Search code examples
pythonregexstringfile-ioquotes

Why does my regex not work on input from file.read()?


I have a section of code that I need to remove from multiple files that starts like this:

<?php
//{{56541616

and ends like this:

//}}18420732
?>

where both strings of numbers can be any sequence of letters and numbers (not the same).

I wrote a Python program that will return the entire input string except for this problem string:

def removeInsert(text):
    m = re.search(r"<\?php\n\/\/\{\{[a-zA-Z0-9]{8}.*\/\/\}\}[a-zA-Z0-9]{8}\n\?>", text, re.DOTALL)
    return text[:m.start()] + text[m.end():]

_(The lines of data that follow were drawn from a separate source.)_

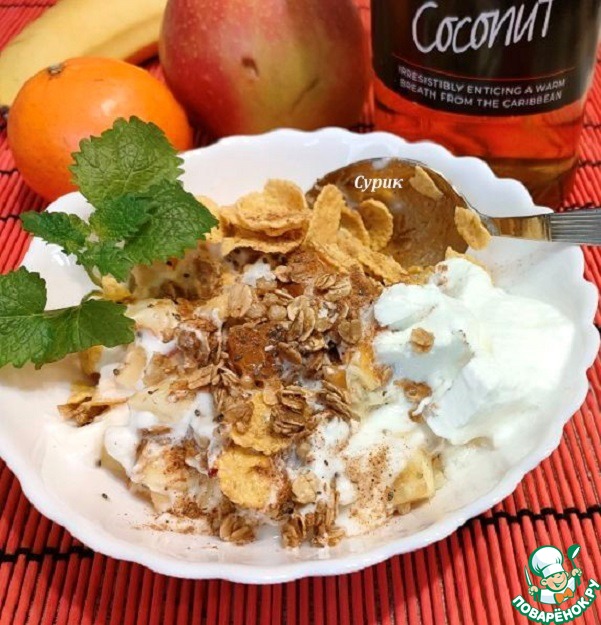 Замечательно начинать утро с такого великолепного завтрака! Необыкновенно вкусно! Йогурт я делаю сама. Из фруктов добавила яблоко, банан и мандарин. Мед и сок заменила на кокосовый сироп. Какой же получился аромат!!! В мюсли я добавляю ещё семена чиа. Да и ещё корица! И всё это вместе … очень и очень вкусно!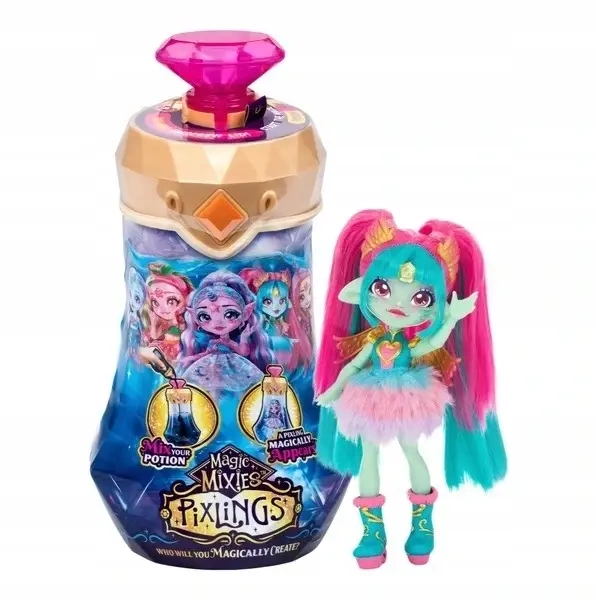 Stwórz magiczny eliksir i wyczaruj swoją własną laleczkę Pixlings od Magic Mixies. Zapewnij swojemu dziecku ekscytujący element zaskoczenia, dzięki któremu zabawa wzniesie się na zupełnie nowy poziom. W serii Pixlings znajduje się aż 5 laleczek, a do odkrycia każdej z nich potrzebne są inne składniki. Każda lalka ma 16 cm wysokości i 7 ruchomych punktów, dzięki itnieje możliwość ustawienia jej w różnych pozach oraz wspaniałe, długie włosy, które można czesać.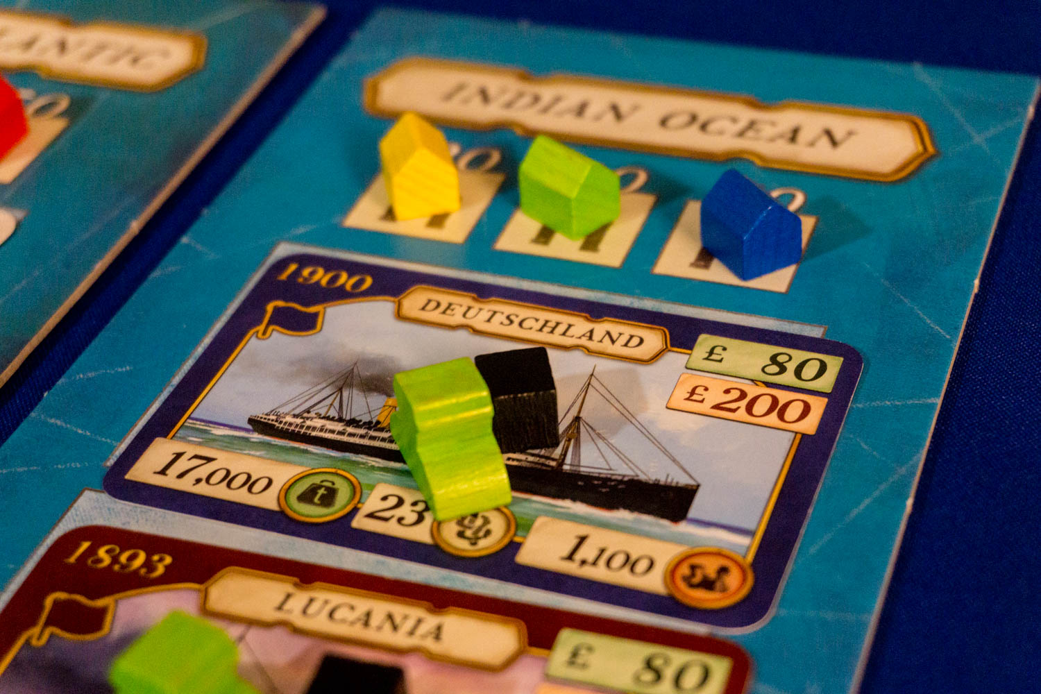 Die Box beinhaltet jede Menge Holzmarker, Karten und Pappteile. Die Schiffskarten sind unterschiedlich bedruckt und beruhen auf wahren historischen Begebenheiten. So besteht unter anderem auch die Möglichkeit, die Titanic zu erwerben. Die Kapitänsfiguren sowie die Kohlemarker sind als Holzmarker gefertigt und haptisch gut zu spielen. Der Spielplan ist stabil, aber leider langweilig designt. Neben all dem guten Material wurde außerdem wieder auf das altbewährte Papiergeld zurückgegriffen.

This program works great when I call it with removeInsert("""[file text]""") -- the triple quotes allow it to be read in as multiline.

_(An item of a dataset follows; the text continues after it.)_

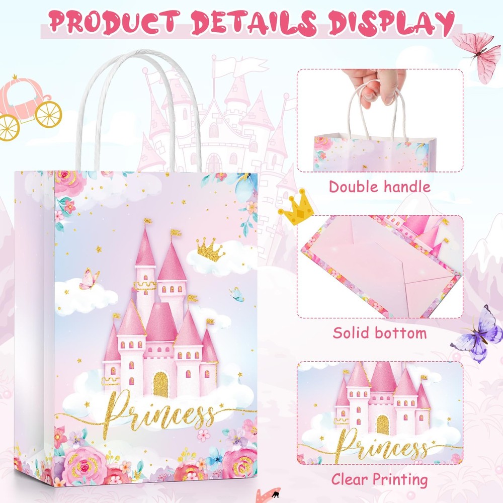 Feature: Leaving an unforgettable memory: The paper bags can nicely create cute and elegant decorations for your birthday party, allowing your guests to get some magical gifts from your fairy princess and prince birthday party and go home with a smile and fond memories. Wide application: Princess and prince party paper bags can be applied as Princess party gift bags, goody bags, treat bags, candy bags for girls and boys birthday party, baby shower party or any other princess or prince theme parties, etc. Specifications: Material: kraft paper Color: pink, blue, gold Size: about 8.3 x 5.9 x 3.15 inches/ 21 x 15 x 8 cm Package Includes: 12 x Princess castle party bags 12 x Prince castle party bags Notes: Please allow slight size errors due to manual measurement. Please allow slight color differences due to different displays. Abundant Quantity: the package comes with 24 pieces of princess and prince castle party favor bags with handles, they can give more choice for girls' party decorations and birthday parties; Enough quantity to meet your daily usage, and you can also share them with your friends to use Sweet Princess themed Party Design: our princess themed party gift bags are designed with 2 patterns of castle in pink and blue color; [Princess] and [Prince] words, classic and romantic, your little kids will have wonderful childhood memories Reliable Material: the princess carriage treat bags are quality kraft paper, which is sturdy and reliable, not easy to fade or break, reusable nautical candy bags can serve you for a long time Suitable Size: each princess crown candy bag measures approximately 8.3 x 5.9 x 3.15 inches/ 21 x 15 x 8 cm, Roomy enough for holding party favors or small gifts like chocolates, candy, gifts, cupcakes, cookies, snacks, and other party favor items Wide Occasions: princess and prince themed party bags are suitable for most birthday parties, gender reveal party, tea parties, bridal showers, weddings, family gatherings and any celebrations, leaving your guests unforgettable memories

I attempted to extend this to open a file and pass the string contents of the file to removeInsert() with this:

def fileRW(filename):
    input_file = open(filename, 'r')
    text = input_file.read()
    newText = removeInsert(text)
    ...

However, when I run fileRW([input-file]), I get this error:

return text[:m.start()] + text[m.end():]
AttributeError: 'NoneType' object has no attribute 'start'

I can confirm that "text" in that last code is actually a string, and does contain the problem code, but it seems that the removeInsert() code doesn't work on this string. My best guess is that it's related to the triple quoting I do when inputting the string manually into removeInsert(). Perhaps the text that fileRW() passes to removeInsert() is not triple-quoted (I've tried different ways of forcing it to have triple quotes ("\"\"\"" added), but that doesn't work). I have no idea how to fix this, though, and can't find any information about it in my google searching. Any suggestions?


Solution

  • Your regex only uses \n for lines. Your text editor may insert a carriage return and newline combination: \r\n. Try changing \n in your regex to (\r\n|\r|\n).